··· Dataset records
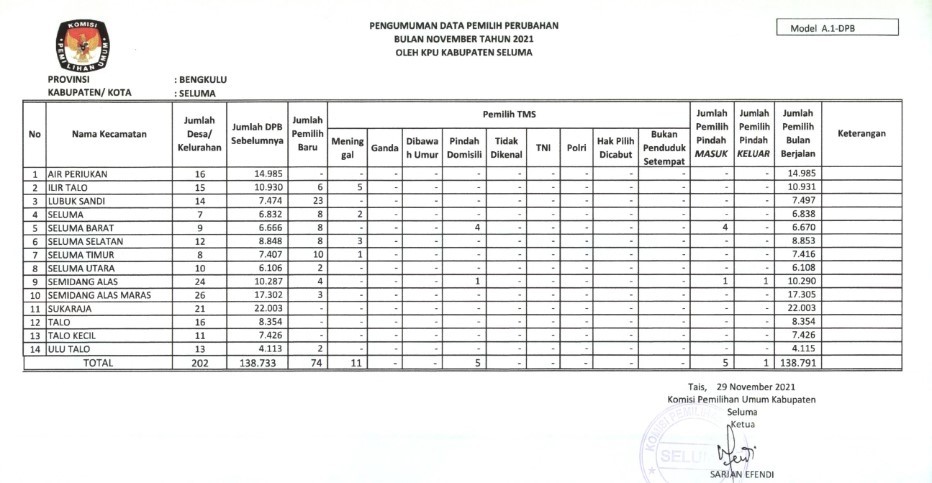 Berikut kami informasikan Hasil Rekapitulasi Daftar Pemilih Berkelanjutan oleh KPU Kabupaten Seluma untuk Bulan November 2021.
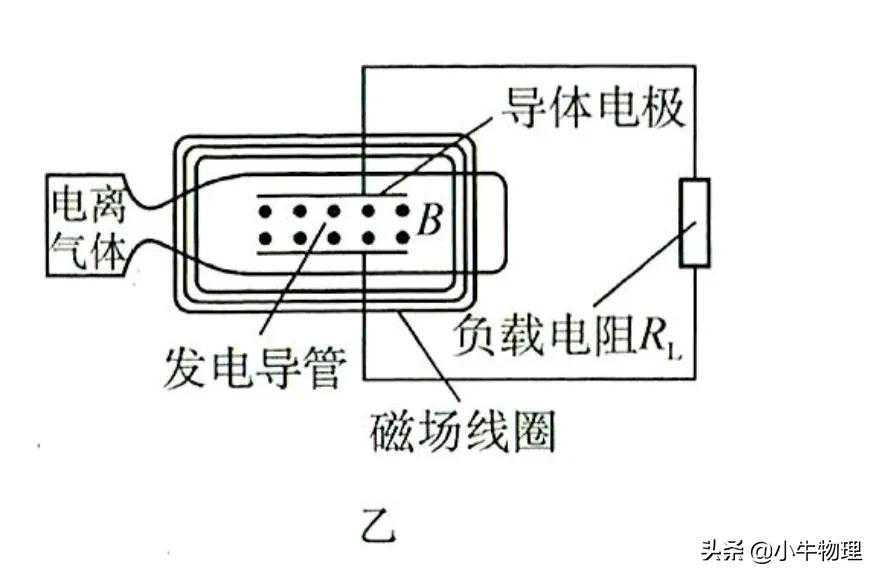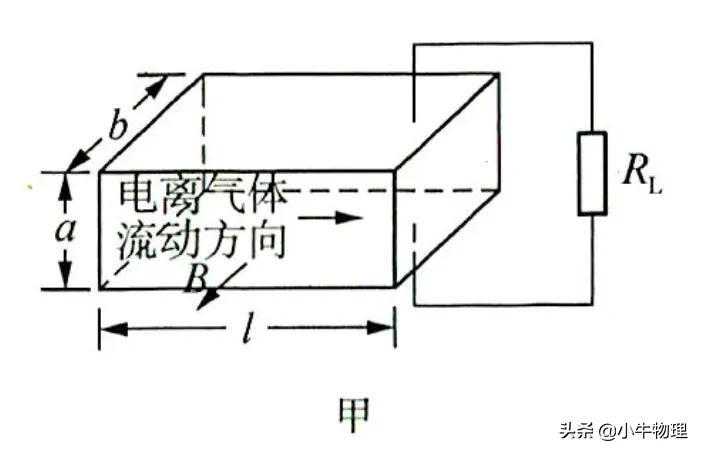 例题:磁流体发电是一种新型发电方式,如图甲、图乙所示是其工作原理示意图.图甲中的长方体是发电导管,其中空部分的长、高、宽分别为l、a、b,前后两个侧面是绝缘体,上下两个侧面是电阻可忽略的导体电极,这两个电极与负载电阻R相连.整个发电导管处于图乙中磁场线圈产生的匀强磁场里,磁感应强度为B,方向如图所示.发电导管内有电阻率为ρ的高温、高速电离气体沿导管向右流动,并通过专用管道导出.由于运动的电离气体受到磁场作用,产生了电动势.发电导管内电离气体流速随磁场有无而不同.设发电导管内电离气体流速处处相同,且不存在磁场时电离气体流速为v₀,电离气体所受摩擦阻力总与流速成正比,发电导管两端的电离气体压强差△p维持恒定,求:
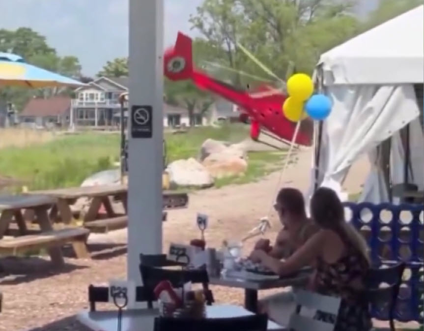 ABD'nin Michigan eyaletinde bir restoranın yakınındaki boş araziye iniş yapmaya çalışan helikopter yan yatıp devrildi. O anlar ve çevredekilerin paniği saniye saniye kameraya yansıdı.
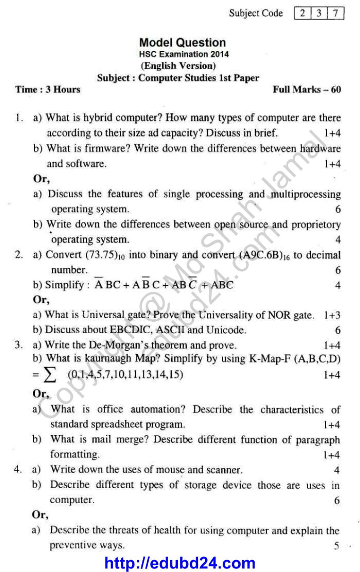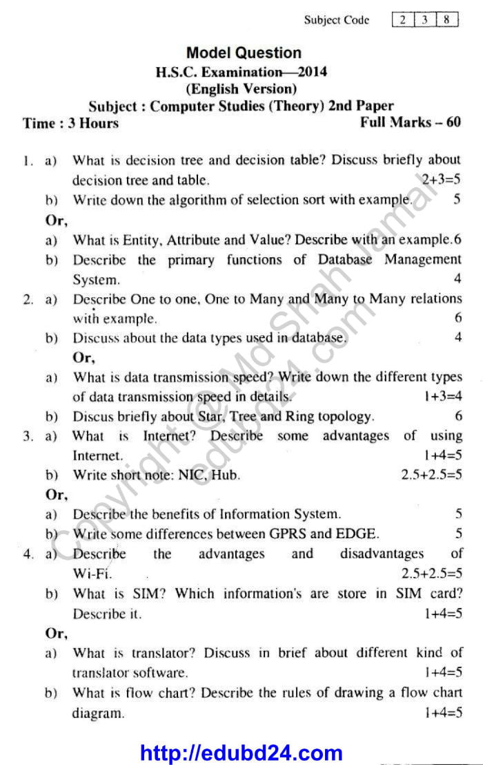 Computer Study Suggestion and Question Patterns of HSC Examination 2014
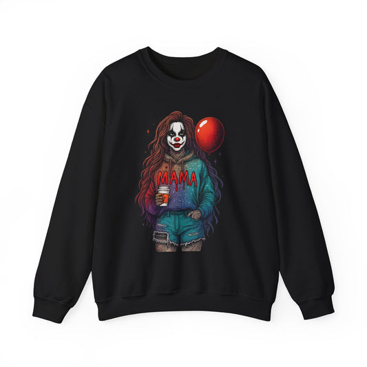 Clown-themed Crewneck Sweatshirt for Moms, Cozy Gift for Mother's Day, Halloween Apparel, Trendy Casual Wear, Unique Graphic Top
······
··· Dataset records
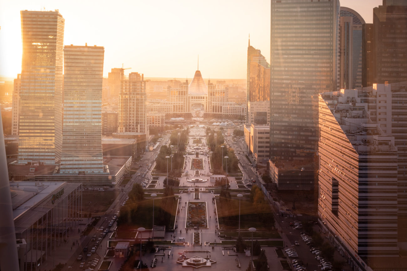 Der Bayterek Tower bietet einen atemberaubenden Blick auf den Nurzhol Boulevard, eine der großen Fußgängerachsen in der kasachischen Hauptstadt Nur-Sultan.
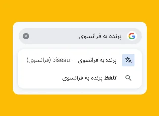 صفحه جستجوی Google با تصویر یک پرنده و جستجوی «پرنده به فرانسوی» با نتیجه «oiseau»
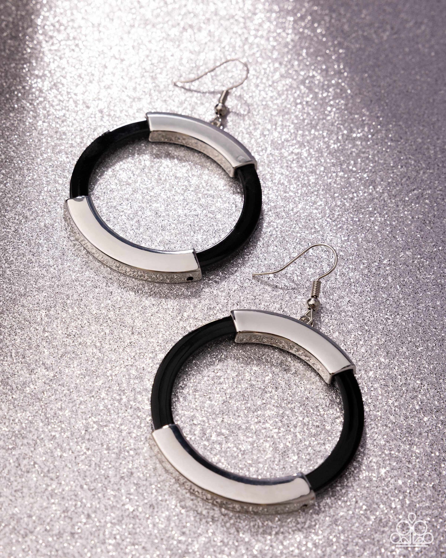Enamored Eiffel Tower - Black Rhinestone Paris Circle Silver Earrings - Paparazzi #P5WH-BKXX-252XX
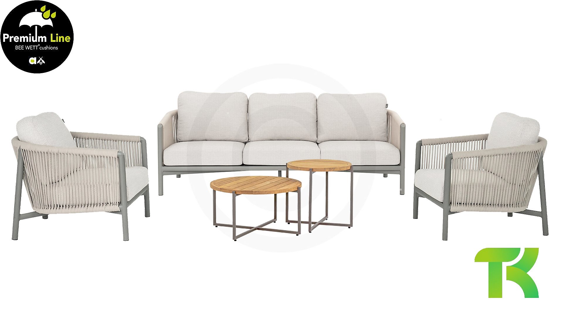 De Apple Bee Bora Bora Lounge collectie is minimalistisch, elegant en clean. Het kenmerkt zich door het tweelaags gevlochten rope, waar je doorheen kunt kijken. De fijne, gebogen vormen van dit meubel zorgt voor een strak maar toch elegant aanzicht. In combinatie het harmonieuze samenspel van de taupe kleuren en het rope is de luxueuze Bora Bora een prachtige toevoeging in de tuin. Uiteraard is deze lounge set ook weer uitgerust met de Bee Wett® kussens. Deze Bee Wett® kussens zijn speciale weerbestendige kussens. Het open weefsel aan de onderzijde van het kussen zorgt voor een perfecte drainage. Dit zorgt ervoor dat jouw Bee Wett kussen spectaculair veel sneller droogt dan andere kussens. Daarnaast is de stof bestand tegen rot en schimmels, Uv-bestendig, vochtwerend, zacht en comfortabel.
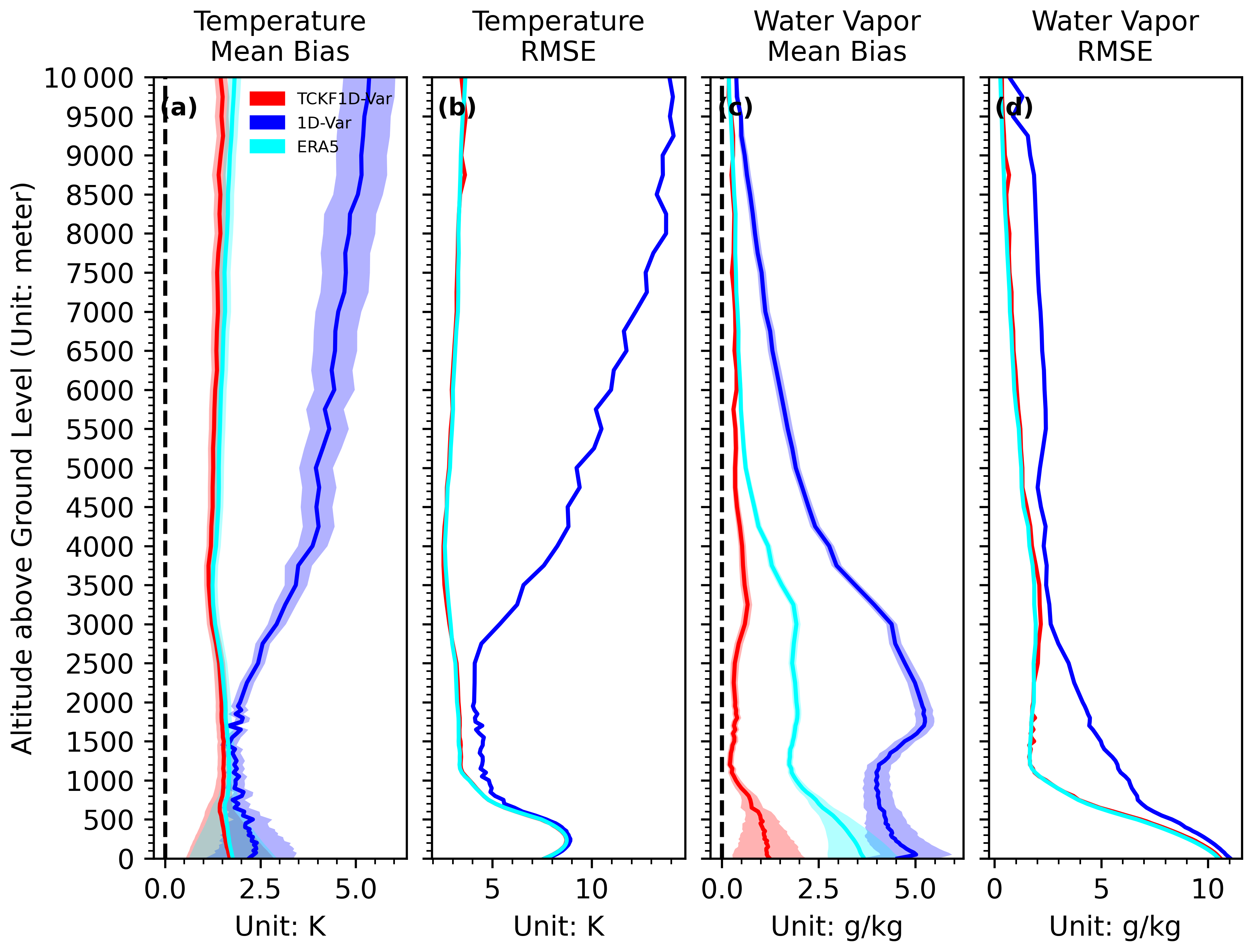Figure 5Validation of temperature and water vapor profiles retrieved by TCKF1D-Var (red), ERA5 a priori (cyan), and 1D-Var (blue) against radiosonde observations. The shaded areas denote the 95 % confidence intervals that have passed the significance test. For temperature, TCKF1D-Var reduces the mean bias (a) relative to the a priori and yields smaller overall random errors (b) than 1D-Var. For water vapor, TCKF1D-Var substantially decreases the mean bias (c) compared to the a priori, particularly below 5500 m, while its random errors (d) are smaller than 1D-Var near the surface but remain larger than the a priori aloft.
······
··· Dataset records
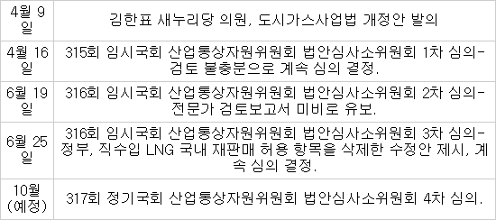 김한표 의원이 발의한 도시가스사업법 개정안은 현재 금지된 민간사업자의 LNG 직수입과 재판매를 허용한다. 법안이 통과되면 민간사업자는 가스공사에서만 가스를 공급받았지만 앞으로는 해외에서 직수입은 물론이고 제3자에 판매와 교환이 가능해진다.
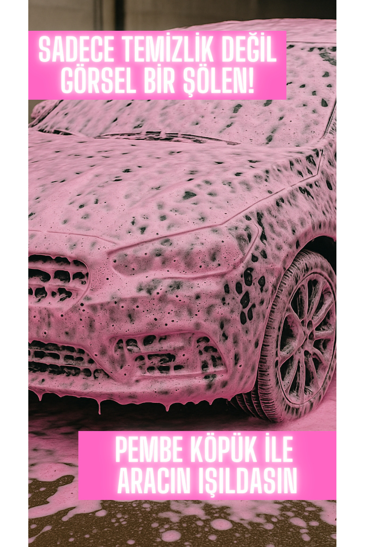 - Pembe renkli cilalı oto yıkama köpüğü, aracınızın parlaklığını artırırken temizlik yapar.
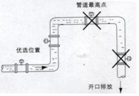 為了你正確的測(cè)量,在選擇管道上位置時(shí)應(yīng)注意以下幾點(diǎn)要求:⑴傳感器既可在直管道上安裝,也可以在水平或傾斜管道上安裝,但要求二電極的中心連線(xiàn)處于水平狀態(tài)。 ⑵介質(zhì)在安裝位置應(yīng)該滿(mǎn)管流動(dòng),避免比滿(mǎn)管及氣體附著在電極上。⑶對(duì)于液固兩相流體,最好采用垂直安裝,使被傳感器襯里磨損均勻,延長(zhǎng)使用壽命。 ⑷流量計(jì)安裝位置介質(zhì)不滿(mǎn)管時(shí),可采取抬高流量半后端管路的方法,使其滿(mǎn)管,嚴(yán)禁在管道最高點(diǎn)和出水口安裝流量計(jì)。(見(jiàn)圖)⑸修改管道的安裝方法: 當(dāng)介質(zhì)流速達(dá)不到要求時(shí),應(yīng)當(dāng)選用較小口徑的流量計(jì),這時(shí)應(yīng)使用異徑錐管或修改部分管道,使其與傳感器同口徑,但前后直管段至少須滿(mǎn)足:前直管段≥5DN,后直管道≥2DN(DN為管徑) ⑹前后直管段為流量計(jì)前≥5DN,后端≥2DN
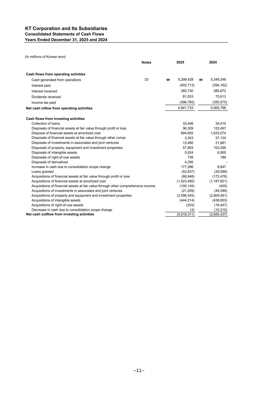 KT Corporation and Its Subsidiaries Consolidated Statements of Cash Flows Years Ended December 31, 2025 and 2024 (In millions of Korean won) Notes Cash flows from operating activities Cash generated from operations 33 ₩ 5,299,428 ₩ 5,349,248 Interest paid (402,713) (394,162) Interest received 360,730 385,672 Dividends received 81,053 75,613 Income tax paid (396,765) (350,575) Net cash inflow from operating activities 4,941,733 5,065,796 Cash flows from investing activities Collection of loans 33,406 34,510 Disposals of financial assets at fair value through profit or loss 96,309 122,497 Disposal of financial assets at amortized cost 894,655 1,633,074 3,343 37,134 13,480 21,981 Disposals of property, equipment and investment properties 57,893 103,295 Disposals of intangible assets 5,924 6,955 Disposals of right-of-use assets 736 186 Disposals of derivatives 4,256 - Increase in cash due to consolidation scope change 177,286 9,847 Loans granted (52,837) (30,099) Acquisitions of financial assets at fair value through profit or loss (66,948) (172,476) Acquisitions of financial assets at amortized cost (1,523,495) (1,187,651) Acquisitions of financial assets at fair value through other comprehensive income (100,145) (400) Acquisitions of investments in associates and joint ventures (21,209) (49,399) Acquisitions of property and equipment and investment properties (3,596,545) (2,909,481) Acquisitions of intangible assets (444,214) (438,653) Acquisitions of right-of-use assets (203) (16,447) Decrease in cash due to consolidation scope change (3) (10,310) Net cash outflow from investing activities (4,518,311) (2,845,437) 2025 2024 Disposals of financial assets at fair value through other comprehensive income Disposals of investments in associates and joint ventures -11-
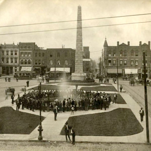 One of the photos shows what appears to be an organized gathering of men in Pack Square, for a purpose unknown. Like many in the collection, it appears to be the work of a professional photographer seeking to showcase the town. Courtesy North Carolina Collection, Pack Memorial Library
······
> _What the task requires_:
Go back to the lines above and output, exactly as they stand, the ones from the line containing "صفحه جستجوی Google" to the line containing "Enamored Eiffel Tower". Leave all pictures behind.

> _Response_:
 صفحه جستجوی Google با تصویر یک پرنده و جستجوی «پرنده به فرانسوی» با نتیجه «oiseau»
Enamored Eiffel Tower - Black Rhinestone Paris Circle Silver Earrings - Paparazzi #P5WH-BKXX-252XX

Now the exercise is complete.